Echoes in Eternity
My friend Troy died of liver cancer on April 11, 2012. He was 39 years and 6 months old. His birthday was nine years and five days before mine. I met him around the age of 10 or 11. The age difference between us then was more significant. I used to bring him chocolate milk at lunch time while he helped his dad build my dad’s new office. I remember seeing him sit on a cement ledge, eating his sandwich with his brother. I don’t remember what he looked like then.
The years in between are dotted with faint memories. He worked for my dad’s business for awhile as I grew up, so I would see him around. He got a reputation for hitting a lot of deer with his car. I can recall going to his brother’s wedding but not Troy’s. I remember when he got a motorcycle, and we met up one rainy night for schwarma. He was nervous to ride home in the dark drizzle.
Both of us had been married, then divorced. Both of us had moved away from Southern Oregon, then returned. He came home because he was battling a mysterious chronic illness and could no longer work. I came home because I didn’t want to raise my son alone on the opposite side of the country. Both of us had nothing else to do but discuss how our lives had gone wrong. And how we wanted so desperately for it to get better.

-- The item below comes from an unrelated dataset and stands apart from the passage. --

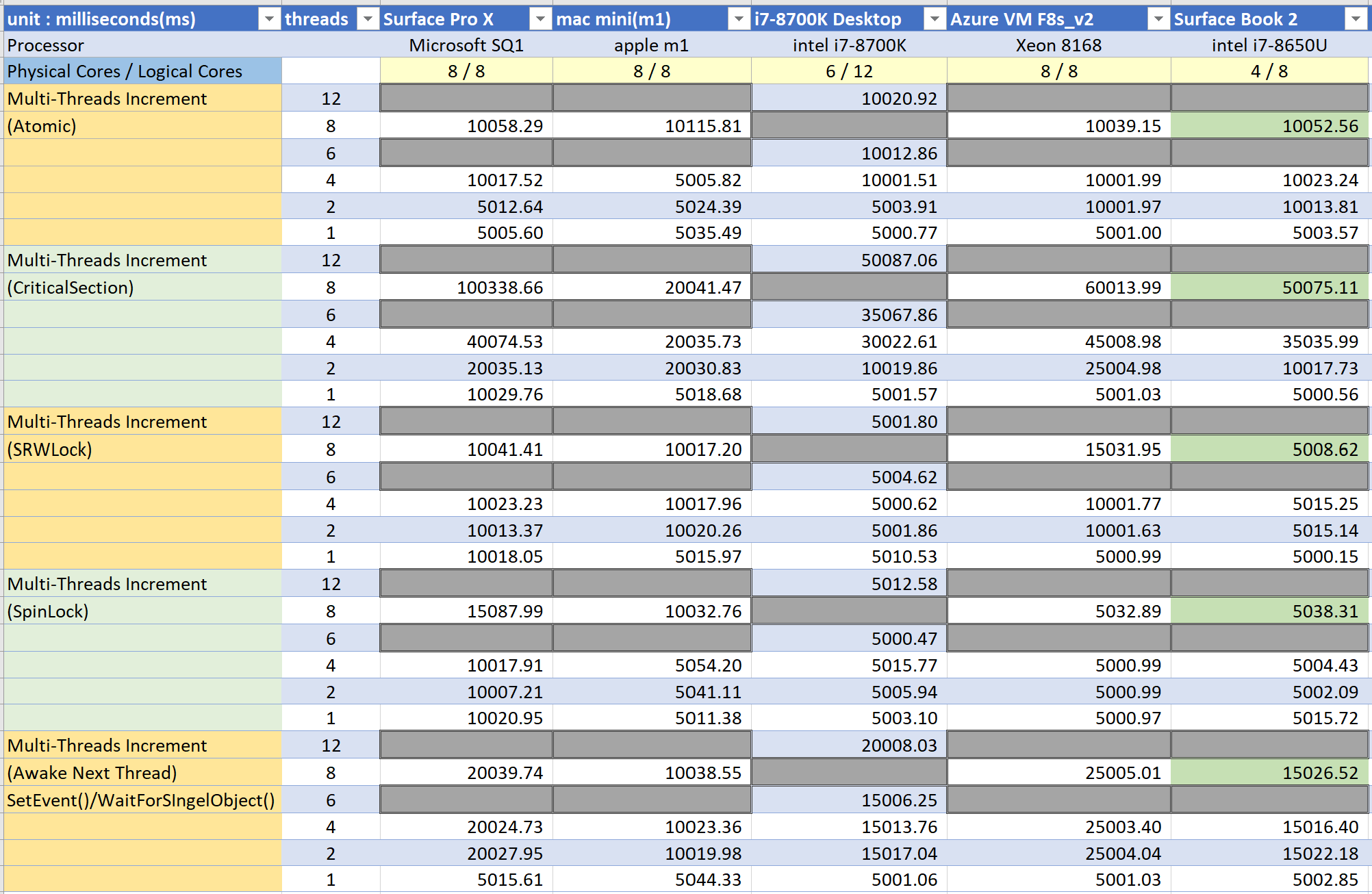 스핀을 도는 도중에 작업을 끝내면 스레드가 wait될 일이 없다. 따라서 클럭이 높은 시스템이 테스트에서 좋은 결과를 얻을 가능성이 높다. 실제로 클럭이 높은 편에 속하는 i7 8700K와 i7 8650U프로세서의 응답성이 좋게 측정된다.

We would shoot pool, talking into the wee hours of the morning about our miserable love lives and how alone we really felt. But the comfort we found in each other was like siblings. Never questioning if the other would be there at the lowest point. It wasn’t uncommon for us to call each other and say, sushi? Then we’d meet up at our favorite local spot and try out different combos. Troy’s tried and true favorite was always a basic spicy tuna roll. Conversations would last hours over bottles of sake and endless edamame.

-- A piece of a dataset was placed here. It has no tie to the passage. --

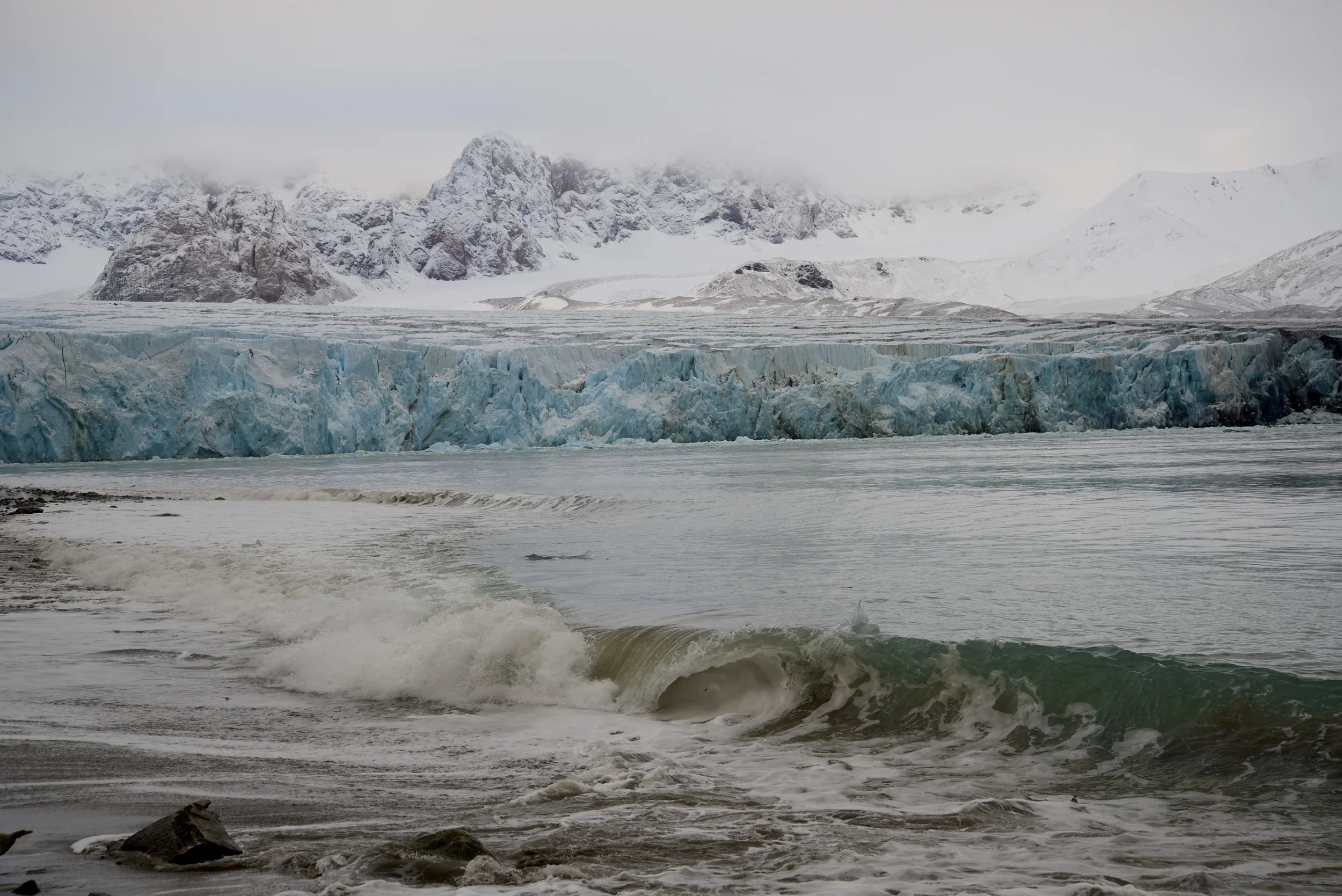 Leaving Isfjorden, there is an inconsistency in the sea floor that creates a perpetual wave

We saw so many movies together. Countless. Even now, some movie will come on and I’ll remember, oh yeah, I saw that in the theater ages ago with Troy. That’s the significance of the film for me. One of our absolute favorites was Gladiator. We’d watch it over and over, sometimes just having it on as we talked.
When I woke up that morning and found out he was gone, I wasn’t shocked. He’d been sick for a long time. The cancer had been slow to build but quick to take hold. But in the few months leading up to it, I didn’t take the time to see him, to connect with him the way we had done for so long. We were both remarried at that point and our friendship wasn’t as co-dependent anymore. Every now and then we’d run into each other at the store and do a mini catch-up. But the long nights of existential discussions had faded into our young adulthood. That night, I had a spicy tuna roll, like some kind of tribute.

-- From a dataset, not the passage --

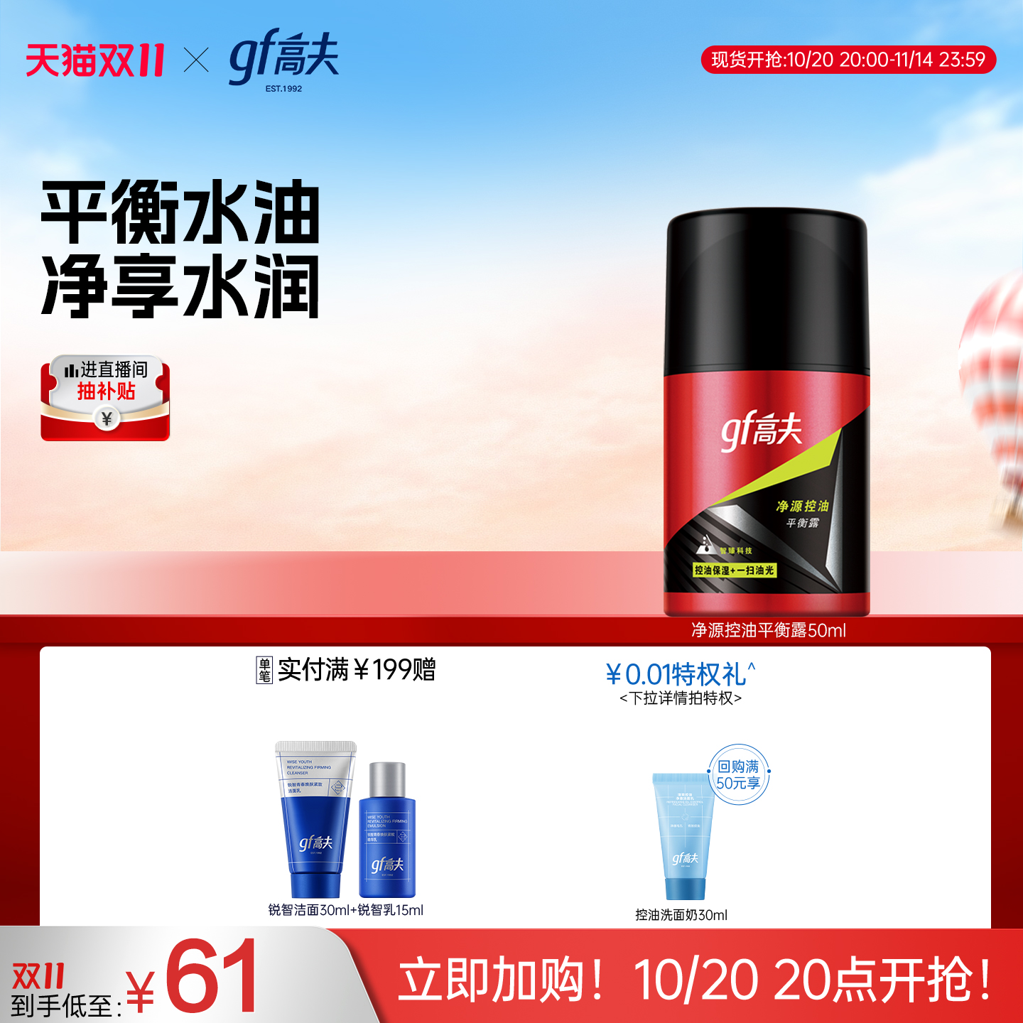 高夫男士乳液净源控油平衡露补水保湿乳护肤套组——油皮救星,清爽一夏

For seven years I’ve tried to write about my friend Troy. And the same way I realized I had missed my opportunity to tell him how dear he was to me then, I see now that waiting so long to write about him now has cost me a few memories. How long before I no longer see his face in a crowd and forget what he looked like then, as I did when I was a kid? And while I still hear a few songs that remind me of him, or those unexpected movie memories will pop up, it feels as though each year he fades a little further into the past.
One thing’s for sure, I’ll never forget his hugs. No one ever hugged you as sincerely or genuinely as Troy. He was one of the kindest souls I will ever have had the privilege to know.